Hera Keechigeesik: Zachary's wife 
Big Joey: Is a warrior for the rez. He denies being the father to Dickie Bird Halked. His violence is supposed to be against the oppressive white systems but instead his violence is more against the other Natives of the rez.
Dickie Bird Halked: He was born in a bar and suffers from fetal alcohol syndrome; he is unable to talk. He intimidates people and kills Patsy's baby, ending all hope for the future. 
Pierre St. Pierre: The Rez bootlegger
Spooky Lacroix: He has an obsession with Christianity and an addiction to alcohol. Uses his religion for intimidation and a crucifix as a weapon for sexual violence against Patsy. 
Simon Starblanket: He is struggling with self-realization because he lost his belief in spirituality and tradition. His girlfriend is pregnant. He intends to go to South Dakota because of the Native suppression.

Plot summary
Set in the fictional Wasaychigan Hill reserve in Northern Ontario, Dry Lips is a companion piece to Highway's earlier play The Rez Sisters. The Rez Sisters focused on seven women from the community; Dry Lips, whose original working title was The Rez Brothers, is about seven men. It is written in a mix of English, Cree, and Ojibway. It tells the story of life on the Wasaychigan Hill Indian Reserve and the men on the reserve as well. 

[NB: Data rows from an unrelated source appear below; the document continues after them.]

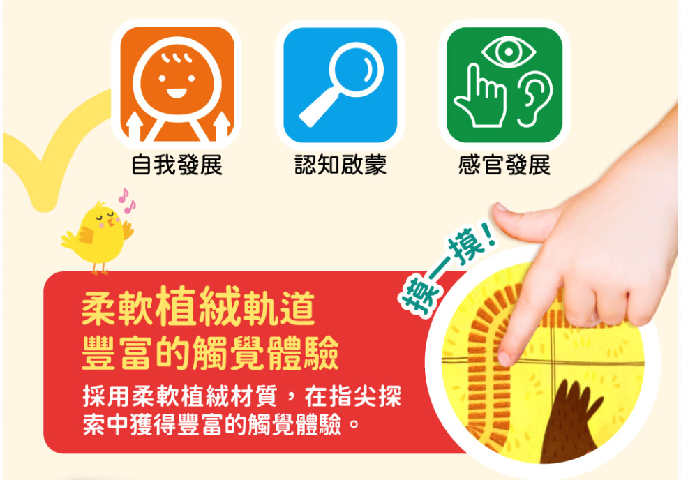 🔸視覺+聽覺+觸覺,全面感官啟蒙:植絨軌道搭配動物叫聲,帶來豐富的感官體驗。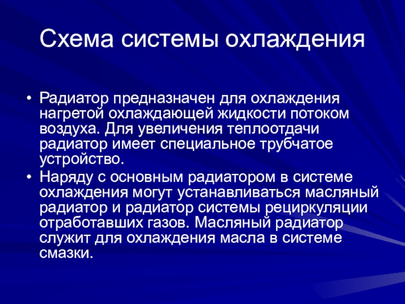 Наряду с основным радиатором в системе охлаждения могут устанавливаться масляный радиатор и радиатор системы рециркуляции отработавших газов. Масляный радиатор служит для охлаждения масла в системе смазки.
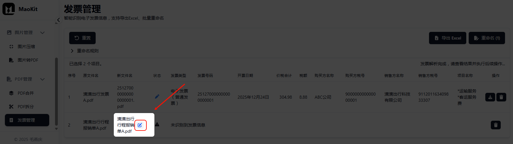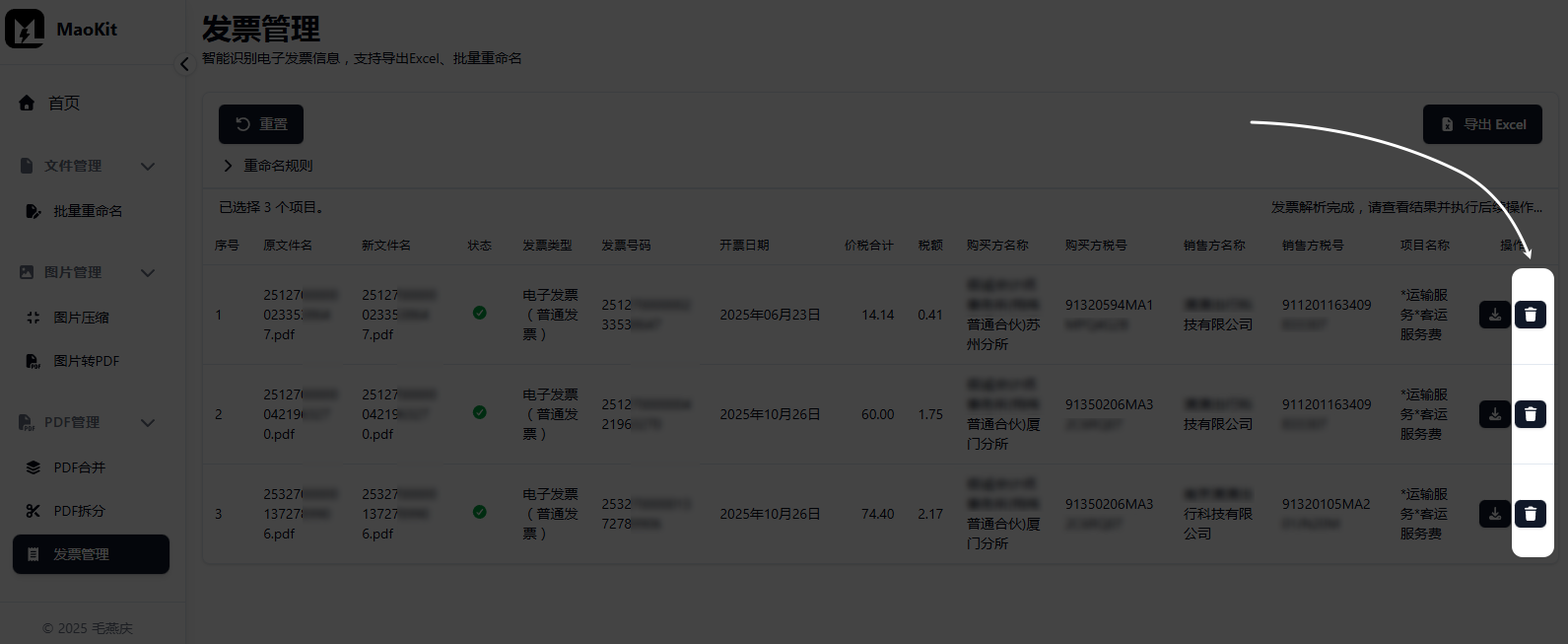 在文件列表右侧的“操作”列中,点击删除按钮,即可将不需要进行后续操作(如:重命名、导出Excel)的发票从列表中移除(此操作不会删除本地文件,仅将其从文件列表中移除)。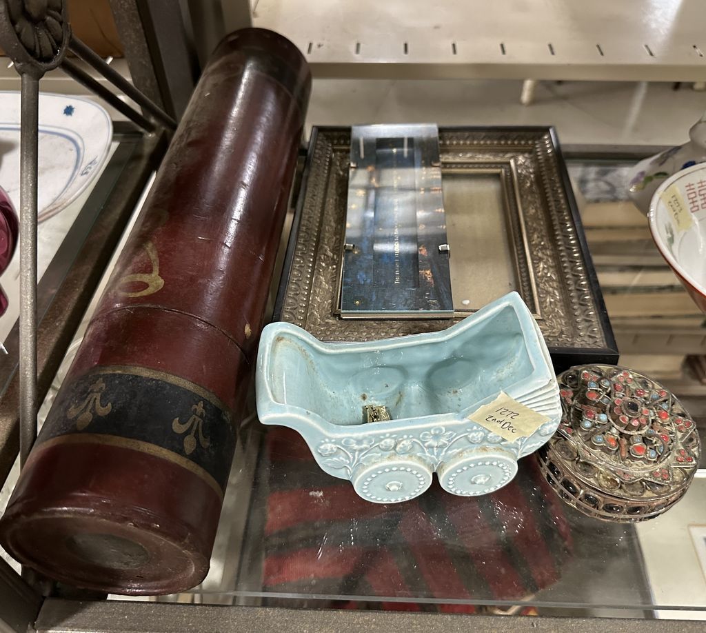 Trinket Box, Storage Box, Ceramic Stroller and Picture, Location Right Metal Shelves Trinket Box, Storage Box, Ceramic Stroller and Picture, Location Right Metal Shelves

The men talk about their plans; Big Joey wants to get a radio show, Zachary wants to open a bakery while Pierre St. Pierre got a new job as a referee for the women's hockey games. Nanabush is a trickster; she can change shape and gender, enact the men's phobias and fantasies about women and also shows the misogynistic attitudes of the men in the play. Each character has their own story within the bigger picture.

The play's original cast included Gary Farmer, Billy Merasty and Graham Greene. Highway's brother René and musician Carlos del Junco were also involved in the production.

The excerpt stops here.